Analysis of synthetic wastewater treated with commercial metal oxide powders prior to photocatalytic degradation (performed by the partner) showed that the presence of RhB in the treated water accelerated senescence, ultimately causing premature plant death (similar to Stage I, 2024). Therefore, these plants could not be used for subsequent photosynthesis/respiration evaluation. The photosynthesis process of plants treated with water treated using eco-synthesized metal oxide powders (EcoZnO97%–CuO3%, 400°C, 2.5h) was not inhibited. Meanwhile, basil plants treated with RhB-containing water photocatalytically degraded in the presence of EcoMO powders and their composites exhibited a significant decrease in respiration, particularly for EcoZnO99–CuO1% and EcoZnO97–CuO3%.

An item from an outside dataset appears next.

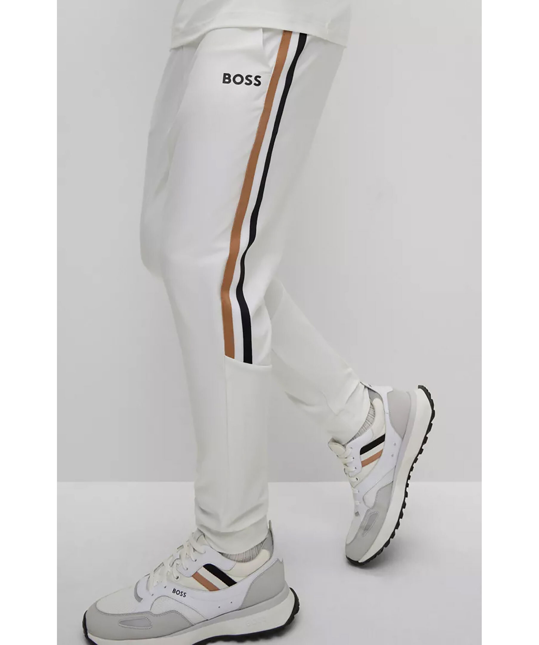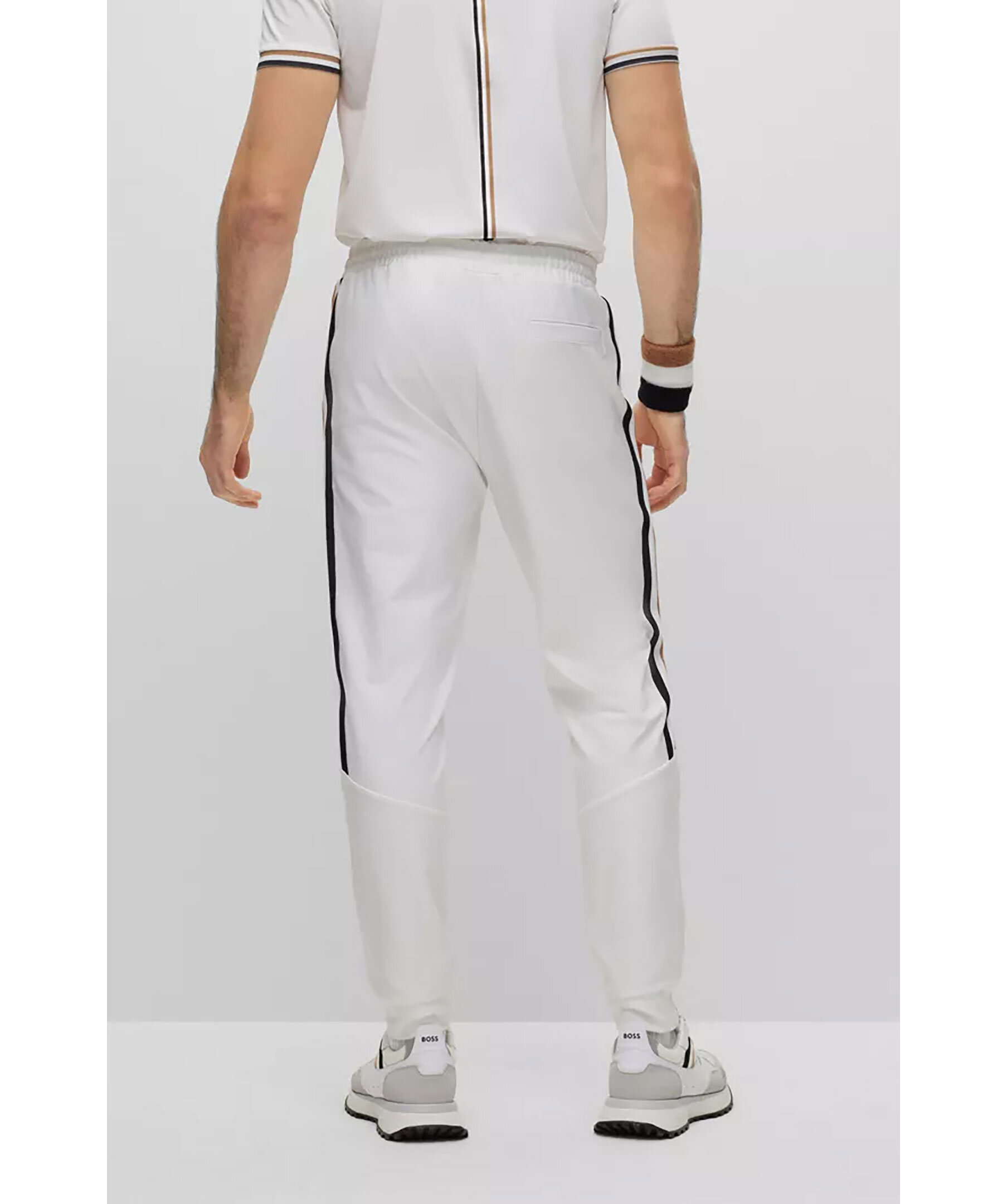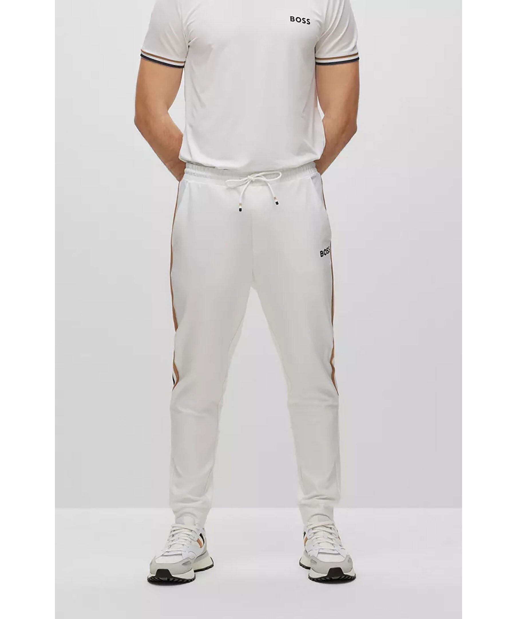 Vita tracksuitbyxor från BOSS Green. Vit, liten BOSS-logotyp under den vänstra fickan och detaljerade med signaturränder vid varje sidosöm. Dragsko i midjan med snörning, fickor i sidorna. Prestandastretchtyget ger enkel komfort på aktiva dagar. En del av den dynamiska kapselkollektionen BOSS x Matteo Berrettini, skapad av den italienska professionella tennisspelaren.
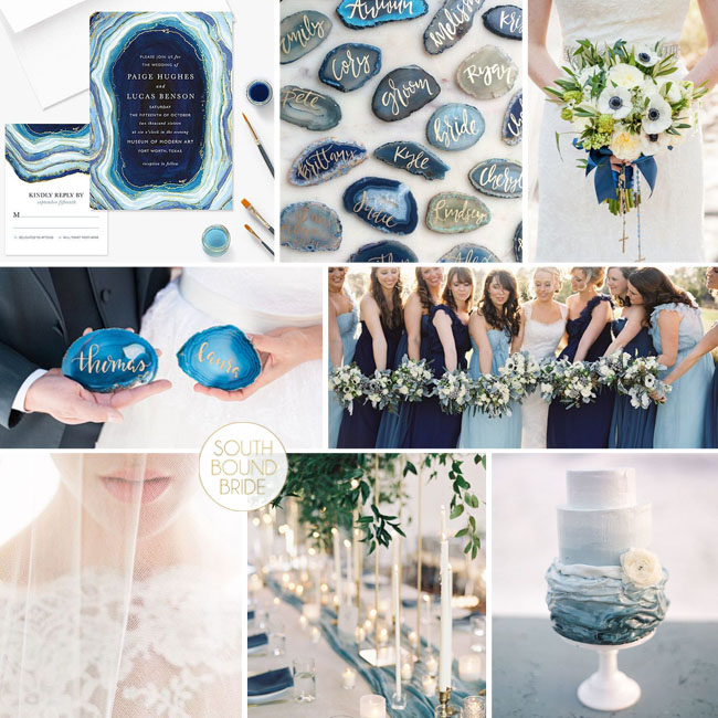 Row 3: Centrepiece (Hannah Duffy Photography/Louise Beukes of BLOVED Blog/Bo Boutique) | Escort Cards with Flowers (Joey Kennedy Photography/Lora Kelley/Mallory Joyce) | Dusty Blue Bridesmaid Dresses (Erin Stubblefield Weddings and Portraiture/Magnolias)

For the evaluation of RhB photodegradation in the presence of 3D-printed structures, significantly larger quantities of photocatalyst were required (approximately 20-fold higher). This is attributed to the substantially lower specific surface area of the 3D-printed structures compared to powdered catalysts. Nevertheless, despite the higher catalyst loading, the use of 3D-printed structures in dye-containing wastewater treatment offers several important advantages:
i) elimination of the additional filtration step, which is laborious and challenging to implement;
ii) easy separation and reuse of the printed structures;
iii) obtaining treated water free from particulate impurities.

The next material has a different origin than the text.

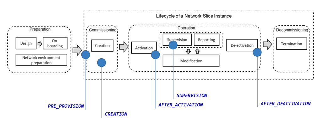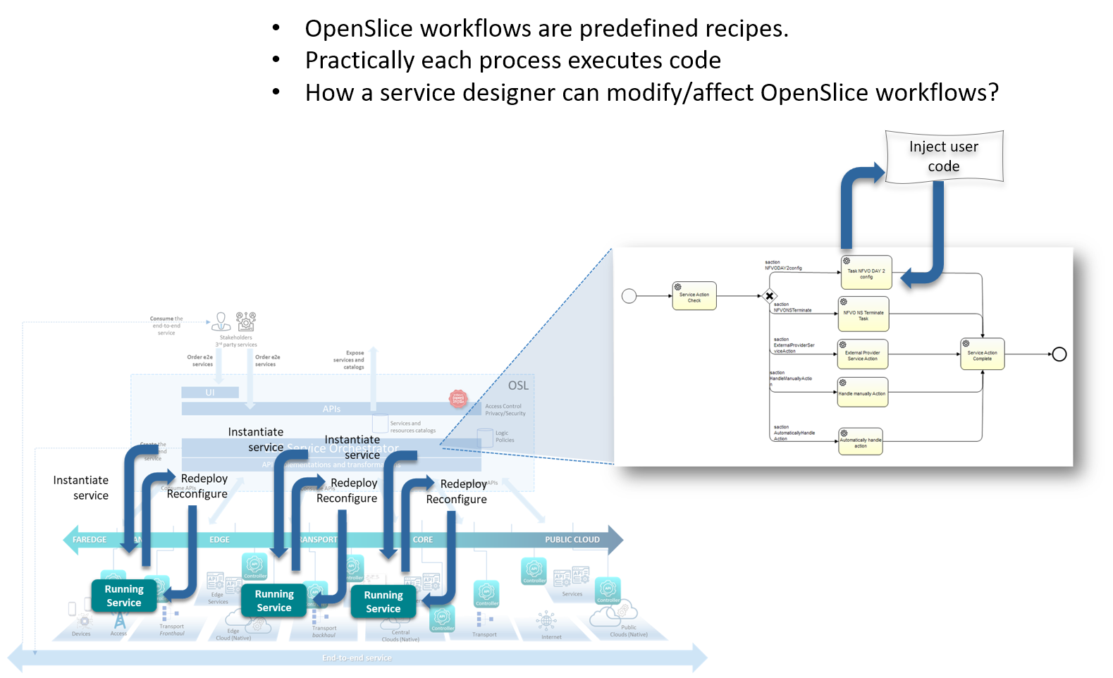 OpenSlice end-to-end (E2E) service orchestrator follows some predefined workflows to manage a service lifecycle (They are described in BPMN language and included in our orchestration engine)
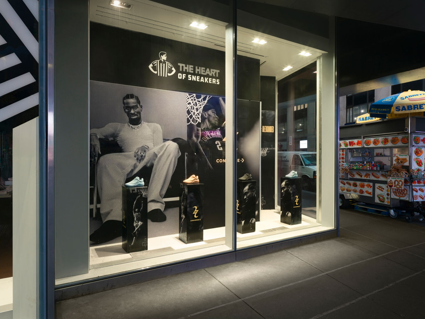 In collaboration with Converse for the launch of Shai Gilgeous-Alexander’s Shai 001, I partnered with the SGK Brand Experience team to design fixtures and graphics for retail environments nationwide. I led the creative implementation and built a flexible system for graphic application, supporting a successful and well-received release. As part of the Converse Shai 001 release, I also collaborated on developing a visual merchandising playbook to guide retail partners through setup and execution. The strategy prioritized clarity, detail, and a consistent visual direction across all touchpoints.

Composite-based 3D-printed samples exhibited better photocatalytic activity than monocomponent ZnO or CuO 3D samples. The effect of wastewater treated with robocast structures on plants was assessed through photosynthesis and respiration analysis. Results showed that:
i) photosynthesis was not affected by the treatments, and
ii) respiration remained unaffected in plants treated with water decontaminated using 3D EcoCuO100% and 3D EcoZnO99%–CuO1%. For other samples, a slowdown in respiration was observed.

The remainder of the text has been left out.